Discussions that mention valium

Back Problems board


Oh Moldova, my heart just broke into a million pieces reading your post. I see you are a fighter though as you are here to tell us about it. You experienced that waiver they insist we sign in case something happens. Was is something they did wrong to cause it? I'm sure you will never know but I thank god that you pulled through.

A friend of mine just went through another fusion with her SI joint with her hip. Not sure of all they did, but it was in one of our new hospitals here. The ER is horrible, misdiagnosing all of the time but the hospital itself is supposed to be great. Well, they were over medicating her so bad after the surgery they had to give her medicine to counteract all that they had given her and she didn't wake up for 1 1/2 days because of it. It was really scary but she didn't have half of what you went through. They had her on a dilated pump, a morphene patch, oral dilated every 2 hours, valium every 2 hours, xanax every few hours and that isn't even all of it. I thought, what? Are they nuts? But when she was released they sent her home with much of the same. I do NOT want to go there.

Since you have been away, I saw my neurosurgeon and he said I am finally fused 1 1/2 yrs later and he is releasing me from his care.
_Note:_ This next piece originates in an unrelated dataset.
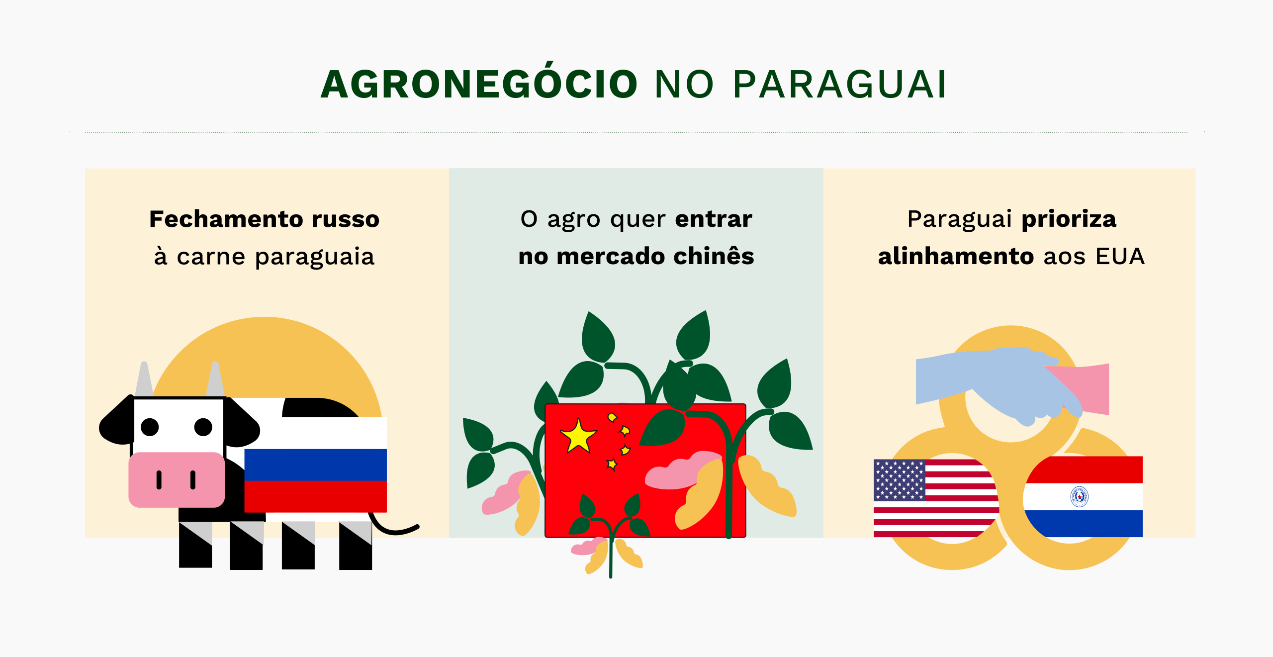 Peña também argumentou que a alta qualidade das commodities paraguaias é o suficiente para suas vendas. “A China não vai comprar carne ou soja paraguaias por interesse diplomático”, disse ele durante a campanha. “Ela vai comprar porque o Paraguai tem carne e soja de boa qualidade a preços competitivos”.

Regardless of the fact that I am worse now than before and he won't even discuss my leg numbness and the spasms I have been having. My Pain Management doc moved away and referred me out of Mayo to another PM and so far he is so wonderful. I am starting to think that it is best I get away from there and find someone to listen. My leg is really worrying me because I keep losing my balance too. It is swollen, that is new but I really think that I am going to lose use of my leg. It sure feels that way anyway. But, enough about me.

I really really really think deep in my heart you should share this with your daughter. I too am close to my parents and I get so angry when I find something out after the fact and it hurts. However, since you have already made the decision not to, after she has had the baby, I really think you should tell her, and also tell her the reasons you withheld it from her at that time. That will help her control her emotions a bit better and it might even give her that little something not to always worry so much and think the worst. It is hard for us because we love you so much!

With that said, I wish you happy healthy healing and a wonderful 2008!